By the beginning of next year, they hope to have completed the Myanmar Elephant Conservation Action Plan (MECAP), a 10-year strategy for how to save Myanmar’s elephants.

The strategy includes an in-depth look at protecting wild elephants and their habitat, combating the trade in elephants and elephant parts, and preventing human and elephant conflict, but also focuses on what can be done with the vast numbers of elephants currently headed towards the elephant-equivalent of the dole queue if the logging ban takes hold.

“There are options – some animal rights organisations are keen on retirement homes, areas of forest set aside for elephants to be released into and looked after. Or there’s eco-tourism, or law enforcement,” says Hedges.

In fact, MTE is already running eight elephant response teams helping to tackle human/elephant conflict by driving the wild creatures away from human habitations. There’s a good eco-tourism example too, in a sector with a lot of bad examples. Myanmar’s much-lauded Green Hill Valley eco-tourism camp in Shan State currently houses four retired elephants and one baby.

But what really excites conservationists is the chance to send them back into the wild.

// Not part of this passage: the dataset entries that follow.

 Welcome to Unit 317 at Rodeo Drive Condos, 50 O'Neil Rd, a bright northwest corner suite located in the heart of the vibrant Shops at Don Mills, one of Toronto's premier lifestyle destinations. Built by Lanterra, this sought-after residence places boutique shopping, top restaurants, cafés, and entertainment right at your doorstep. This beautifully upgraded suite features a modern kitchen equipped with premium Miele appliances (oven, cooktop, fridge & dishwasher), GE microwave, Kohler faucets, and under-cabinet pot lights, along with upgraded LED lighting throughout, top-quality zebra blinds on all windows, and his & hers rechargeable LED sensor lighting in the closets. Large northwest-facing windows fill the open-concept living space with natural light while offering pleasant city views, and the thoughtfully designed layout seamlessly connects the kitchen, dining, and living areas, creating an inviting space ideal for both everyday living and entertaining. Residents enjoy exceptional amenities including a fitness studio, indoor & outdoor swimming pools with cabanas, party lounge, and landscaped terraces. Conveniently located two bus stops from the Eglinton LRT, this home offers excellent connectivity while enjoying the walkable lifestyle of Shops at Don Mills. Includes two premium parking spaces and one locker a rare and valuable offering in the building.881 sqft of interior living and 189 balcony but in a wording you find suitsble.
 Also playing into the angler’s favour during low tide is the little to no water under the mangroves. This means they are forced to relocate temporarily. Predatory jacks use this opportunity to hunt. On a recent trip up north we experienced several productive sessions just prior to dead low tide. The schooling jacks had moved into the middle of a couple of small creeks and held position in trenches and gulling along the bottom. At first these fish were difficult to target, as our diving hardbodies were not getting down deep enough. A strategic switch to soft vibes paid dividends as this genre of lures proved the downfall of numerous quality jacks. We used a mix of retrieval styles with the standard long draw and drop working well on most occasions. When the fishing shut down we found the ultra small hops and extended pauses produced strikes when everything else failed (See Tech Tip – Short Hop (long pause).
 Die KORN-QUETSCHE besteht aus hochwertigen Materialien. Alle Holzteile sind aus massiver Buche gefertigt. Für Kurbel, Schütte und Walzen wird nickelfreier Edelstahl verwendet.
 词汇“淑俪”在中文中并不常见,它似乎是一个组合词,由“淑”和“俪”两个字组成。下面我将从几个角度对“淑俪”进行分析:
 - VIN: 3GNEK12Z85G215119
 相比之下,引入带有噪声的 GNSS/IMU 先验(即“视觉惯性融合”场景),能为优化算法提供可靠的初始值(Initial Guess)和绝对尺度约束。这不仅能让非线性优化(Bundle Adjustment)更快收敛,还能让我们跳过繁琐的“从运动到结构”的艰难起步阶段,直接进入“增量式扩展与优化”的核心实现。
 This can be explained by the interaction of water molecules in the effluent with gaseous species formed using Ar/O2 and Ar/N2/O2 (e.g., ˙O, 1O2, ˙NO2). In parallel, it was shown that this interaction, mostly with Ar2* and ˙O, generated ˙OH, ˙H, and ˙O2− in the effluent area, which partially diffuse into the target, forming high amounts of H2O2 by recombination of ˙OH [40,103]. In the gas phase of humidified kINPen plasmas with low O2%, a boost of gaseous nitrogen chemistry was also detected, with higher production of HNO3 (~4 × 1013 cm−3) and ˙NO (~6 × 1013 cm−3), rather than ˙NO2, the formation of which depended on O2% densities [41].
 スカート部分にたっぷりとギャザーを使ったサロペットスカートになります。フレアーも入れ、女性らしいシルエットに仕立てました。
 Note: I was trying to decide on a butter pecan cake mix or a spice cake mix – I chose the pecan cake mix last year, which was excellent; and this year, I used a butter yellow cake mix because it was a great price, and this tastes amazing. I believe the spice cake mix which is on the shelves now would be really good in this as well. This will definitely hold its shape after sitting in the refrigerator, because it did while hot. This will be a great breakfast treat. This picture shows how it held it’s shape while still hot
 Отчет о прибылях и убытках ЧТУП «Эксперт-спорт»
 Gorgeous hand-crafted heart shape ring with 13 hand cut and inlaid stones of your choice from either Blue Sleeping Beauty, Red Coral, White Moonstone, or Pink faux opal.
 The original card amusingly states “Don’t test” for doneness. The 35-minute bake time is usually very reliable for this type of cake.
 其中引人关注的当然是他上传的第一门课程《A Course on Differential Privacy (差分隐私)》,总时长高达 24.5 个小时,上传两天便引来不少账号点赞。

A tree house in a remote village in Myanmar built for safety from elephants. Courtesy of David Doyle
A tree house in a remote village in Myanmar built for safety from elephants. Courtesy of David Doyle

“If Myanmar gets its act together, and does a properly managed reintroduction into the wild with captive stock, it’s possible that we can re-wild a large part of Myanmar’s forests,” says the WWF’s Williams.

The reason this could be possible in Myanmar goes back to the elephants’ working conditions. MTE elephants are released back into the forest each night after their work is finished, unlike working elephants in, for example, Indonesia.

“Unlike elsewhere, lots of captive elephants here have spent their lives in the forest, with the freedom to interact with wild elephants, interbreed, eat a wild elephant diet. So challenges which come up elsewhere, like introducing disease, don’t come up,” says Hedges.

A million elephants

There are still issues: the elephants may be too reliant on, or too comfortable with, humans, leading to a higher risk of human/elephant conflict. A bigger problem in Myanmar is a lack of resources to manage huge experimental programs like this.

“Whatever happens, it will require significant help from international groups, to identify the areas, to fund the plan,” admits Williams. But, he says, the stakes could not be higher.

“The action plan needs the government to implement it – if we don’t do that, we might end up going the Laos route in Myanmar,” he says.

“The historic name of Laos is Lane Xang, meaning land of a million elephants – but now there are barely hundreds left. To prevent that from happening here we have to take this seriously.”